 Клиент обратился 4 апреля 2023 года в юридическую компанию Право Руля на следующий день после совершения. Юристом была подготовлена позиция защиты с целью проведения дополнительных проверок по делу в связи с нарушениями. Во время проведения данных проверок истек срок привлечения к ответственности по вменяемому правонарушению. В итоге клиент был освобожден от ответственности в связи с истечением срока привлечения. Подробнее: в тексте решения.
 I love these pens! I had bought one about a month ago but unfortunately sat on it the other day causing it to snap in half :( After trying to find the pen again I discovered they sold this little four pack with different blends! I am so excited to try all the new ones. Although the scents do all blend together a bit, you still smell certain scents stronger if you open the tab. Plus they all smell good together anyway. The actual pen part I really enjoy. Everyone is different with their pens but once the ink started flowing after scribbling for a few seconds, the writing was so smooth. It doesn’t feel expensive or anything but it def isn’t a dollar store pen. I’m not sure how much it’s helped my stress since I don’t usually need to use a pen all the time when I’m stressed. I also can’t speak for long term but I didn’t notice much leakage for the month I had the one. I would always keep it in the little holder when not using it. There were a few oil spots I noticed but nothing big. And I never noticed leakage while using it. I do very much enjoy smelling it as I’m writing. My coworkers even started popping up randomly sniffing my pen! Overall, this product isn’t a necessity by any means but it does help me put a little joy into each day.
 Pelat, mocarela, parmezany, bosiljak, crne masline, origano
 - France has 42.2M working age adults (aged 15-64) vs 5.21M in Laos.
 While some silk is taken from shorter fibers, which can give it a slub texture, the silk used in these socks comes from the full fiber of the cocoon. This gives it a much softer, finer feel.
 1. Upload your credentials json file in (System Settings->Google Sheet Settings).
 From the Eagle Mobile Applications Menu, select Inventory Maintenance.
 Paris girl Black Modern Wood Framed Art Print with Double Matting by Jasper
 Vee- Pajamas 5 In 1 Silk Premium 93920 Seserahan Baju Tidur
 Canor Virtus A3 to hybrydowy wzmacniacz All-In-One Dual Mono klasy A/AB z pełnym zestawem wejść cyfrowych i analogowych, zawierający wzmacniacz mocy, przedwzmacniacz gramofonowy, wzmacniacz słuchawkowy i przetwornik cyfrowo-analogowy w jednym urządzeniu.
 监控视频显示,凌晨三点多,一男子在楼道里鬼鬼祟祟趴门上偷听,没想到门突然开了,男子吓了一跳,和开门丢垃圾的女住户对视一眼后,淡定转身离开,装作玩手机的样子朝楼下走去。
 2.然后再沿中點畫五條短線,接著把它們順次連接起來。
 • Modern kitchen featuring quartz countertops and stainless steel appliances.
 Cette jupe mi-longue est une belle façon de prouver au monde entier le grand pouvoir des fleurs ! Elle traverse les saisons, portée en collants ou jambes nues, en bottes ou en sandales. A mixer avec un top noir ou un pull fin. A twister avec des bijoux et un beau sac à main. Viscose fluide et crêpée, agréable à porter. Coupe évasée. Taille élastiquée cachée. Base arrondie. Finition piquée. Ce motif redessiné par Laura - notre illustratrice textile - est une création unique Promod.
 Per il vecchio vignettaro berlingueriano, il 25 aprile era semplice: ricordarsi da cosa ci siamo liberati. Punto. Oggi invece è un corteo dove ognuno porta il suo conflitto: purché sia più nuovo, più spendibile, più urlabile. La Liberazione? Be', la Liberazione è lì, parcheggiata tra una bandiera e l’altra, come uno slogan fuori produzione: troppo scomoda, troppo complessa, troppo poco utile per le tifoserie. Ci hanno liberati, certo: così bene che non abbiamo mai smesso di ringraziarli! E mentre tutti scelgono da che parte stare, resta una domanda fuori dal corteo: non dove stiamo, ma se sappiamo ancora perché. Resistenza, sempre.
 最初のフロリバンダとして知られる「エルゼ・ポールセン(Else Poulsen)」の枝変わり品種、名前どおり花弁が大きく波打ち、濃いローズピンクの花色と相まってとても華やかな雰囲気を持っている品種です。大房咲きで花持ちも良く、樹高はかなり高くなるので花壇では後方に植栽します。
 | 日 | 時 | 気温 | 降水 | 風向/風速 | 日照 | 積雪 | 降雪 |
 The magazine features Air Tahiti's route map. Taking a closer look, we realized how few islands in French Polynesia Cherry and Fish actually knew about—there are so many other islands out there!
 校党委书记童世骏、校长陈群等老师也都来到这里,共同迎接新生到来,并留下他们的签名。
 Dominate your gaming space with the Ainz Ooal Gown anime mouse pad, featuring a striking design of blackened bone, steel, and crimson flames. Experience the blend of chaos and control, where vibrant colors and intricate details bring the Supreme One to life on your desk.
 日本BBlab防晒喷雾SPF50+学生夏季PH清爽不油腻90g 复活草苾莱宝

────────

### What this task involves
The reply should be nothing but the number of lines in the listing above that include "featuring".

### Exercise output
2